While improving access and water quality are crucial, optimising existing resources and building climate resilience are equally vital, writes Catherine Cahill

It’s the ultimate contradiction: water is invaluable, but it’s free. Without water, manufacturing stops, food doesn’t grow, the economy crashes, and ultimately, life ceases. It is a tough concept to get your mind around but think about it – when we pay for water, with few exceptions, we are paying for the treatment and transport of it; the water itself is free. 

KBIGI - Catherine Cahill

Catherine Cahill is senior portfolio manager, natural resources equity strategies, KBI Global Investors

Only in its absence or scarcity does this value-price contradiction become readily apparent. As Benjamin Franklin put it, “when the well is dry, we know the worth of water.” 

With its value only appreciated in its absence, the value is perhaps not in the clean water itself but in the people and organisations assuring its reliable supply; in other words, the value is in the value chain.
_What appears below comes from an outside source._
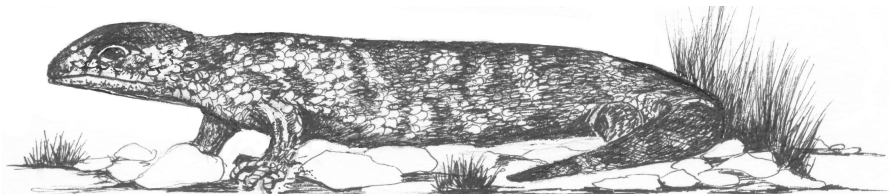
Blotched Blue-tongue Lizard

Blotched Blue-tongue Lizards are conspicuous and common visitors to our gardens, and are much loved by children and adults alike. They are generally placid, but will warn you, with a loud hiss and an impressive display of their blue tongue and open mouth, should they feel otherwise. Being reliant on the sun for warmth, Blue-tongues have recently begun hibernating under dense, leaf litter, or inside hollow logs. They will begin to emerge in mid-to-late spring, when they will seek the warmth of the sun and rocks. Unfortunately, the warmest rocks around are the bitumen roads, so please take care at that time of year! This species is viviparous (giving birth to live young), and females display a multiennial breeding cycle, often skipping one or more seasons after giving birth to 2–15 young. The Blotched Blue-tongue is distinguished from the Eastern Blue-tongue T. scincoides by having blotches on its skin, instead of stripes.

This value chain requires major investment to serve a growing global population, increased industrialisation, continued urban migration, changing consumer demands, and to address contaminants.

A large part of the investment is simply to fix what breaks, and it is unfortunately, breaking at an increasing rate due to age, manifested climate change, and land subsidence.

To value water properly and address the issue of scarcity, we as a society must invest in it with sustainable solutions.

So what solutions are out there that can contribute to tackling the issue of water scarcity?

Improving access and water quality are probably the most obvious, but optimising and using existing resources better, and building climate resilience with strategies that protect resources in the face of emergencies, are equally important.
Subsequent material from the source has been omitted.